- Born: Ian William Murison Smith 15 June 1937 Leeds
- Died: 8 November 2016 (aged 79)
- Education: Giggleswick School
- Alma mater: University of Cambridge (BA, MA, PhD)
- Spouse: Sue Morrish ​(m. 1961)​
- Awards: Tilden Prize (1983) Polanyi Medal (1990)
- Scientific career
- Fields: Chemistry
- Institutions: University of Birmingham University of Cambridge
- Doctoral advisor: Tony Callear
- Doctoral students: Gus Hancock David Klenerman

= Ian William Murison Smith =

Ian William Murison Smith (15 June 1937 – 8 November 2016) was a chemist who served as a research fellow and lecturer in the Department of Chemistry, University of Cambridge from 1963 to 1985 and Professor of Chemistry at the University of Birmingham from 1985 to 2002.

==Education==
Smith was educated at Giggleswick School then in the West Riding of Yorkshire and the University of Cambridge where he studied the Natural Sciences Tripos as an undergraduate student of Christ's College, Cambridge.
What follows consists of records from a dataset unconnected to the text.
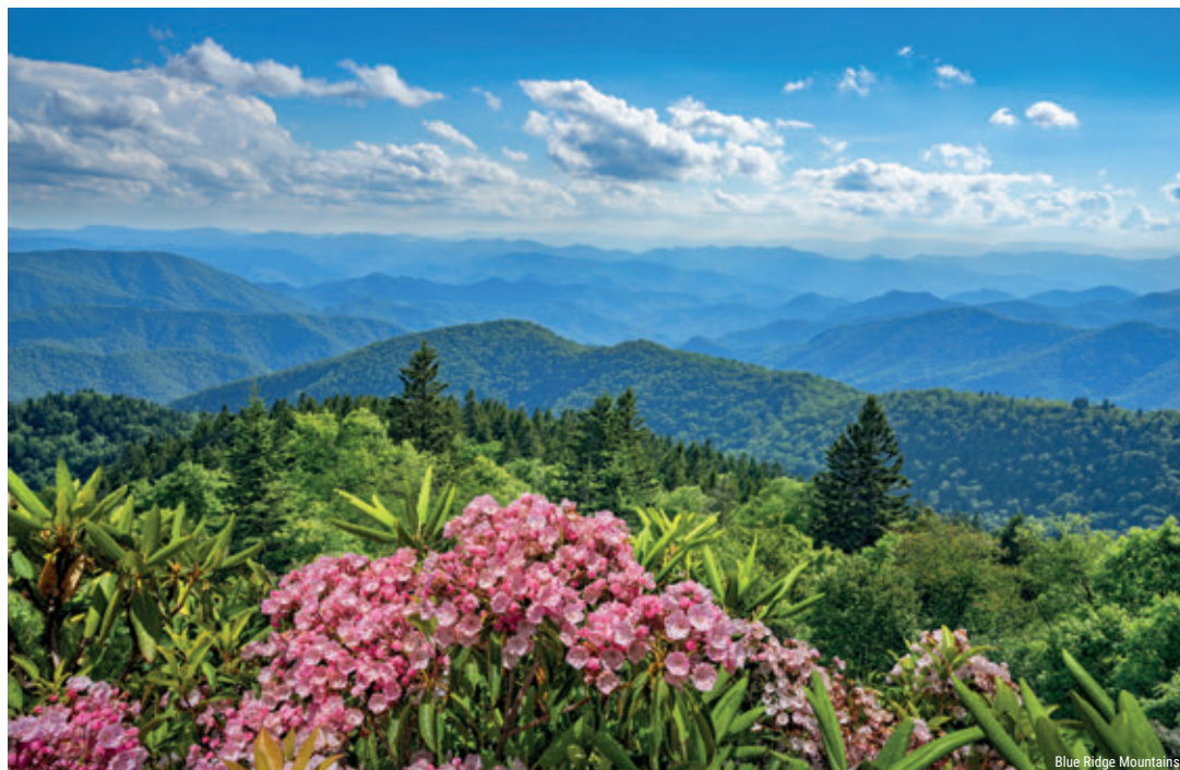
Blue Ridge Mountains

Einer unserer Geheimtipps für die USA. Sanfte Hügel, sonnige Strände und charmante Städtchen werden ergänzt durch historische Herrenhäuser sowie architektonische Denkmäler. Geniessen Sie eine Fahrt auf dem Blue Ridge Parkway entlang der Appalachen, machen Sie eine Wanderung im Shenandoah Nationalpark oder fahren Sie im Kajak entlang unberührter Küsten.
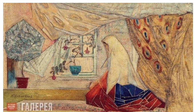
«На молитве». Бумага, акварель.
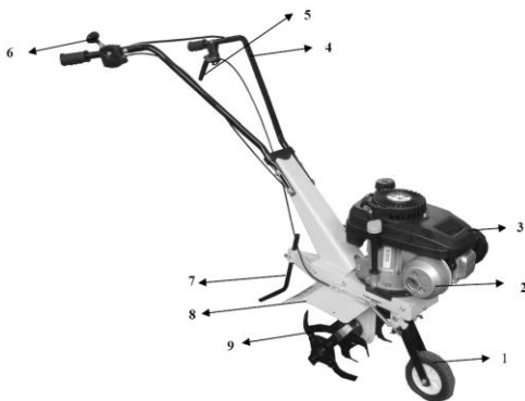
Схема компонентов культиватора TG-45
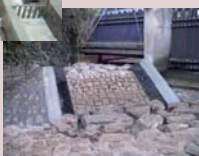
Passes à anguilles à l'écluse n°48 du Châtelier

Les pêcheurs profitent eux aussi des rives. La pêche, autorisée toute l'année mais avec quelques restrictions durant la période de frai, bénéficie de nombreux aménagements : passes à anguilles, à poissons, parkings, postes de pêche adaptés pour les personnes à mobilité réduite.
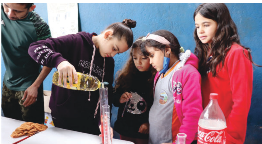
As atividades foram apresentadas pelos alunos por série das escolas Euclides Ferreira de Sá e Luzia dos Santos Ferreira

a temática a ser apresentada, busca informações científicas sobre o processo, interpreta e replica as atividades experi-
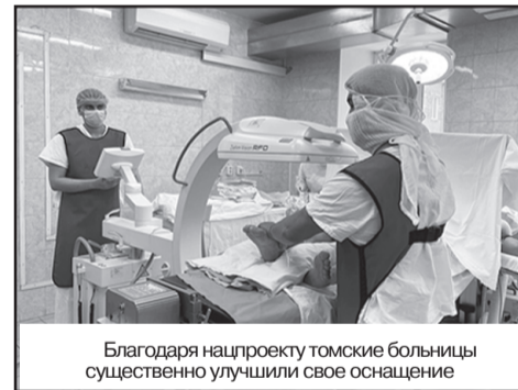
Благодаря нацпроекту томские больницы существенно улучшили свое оснащение

He graduated in 1960 and went on to gain a PhD in 1964 supervised by Tony Callear.

==Research and career==
Smith was a leading researcher in reaction kinetics, energy transfer and molecular dynamics in gas phase systems. He was elected a Fellow of the Royal Society (FRS) in 1995, a Fellow of the Royal Society of Chemistry (FRSC) and awarded the Tilden Prize in 1983 and the Polanyi Medal in 1990 by the Royal Society of Chemistry. His former doctoral students include David Klenerman and Gus Hancock.

==Personal life==
He married Sue Morrish in 1961. They had four children.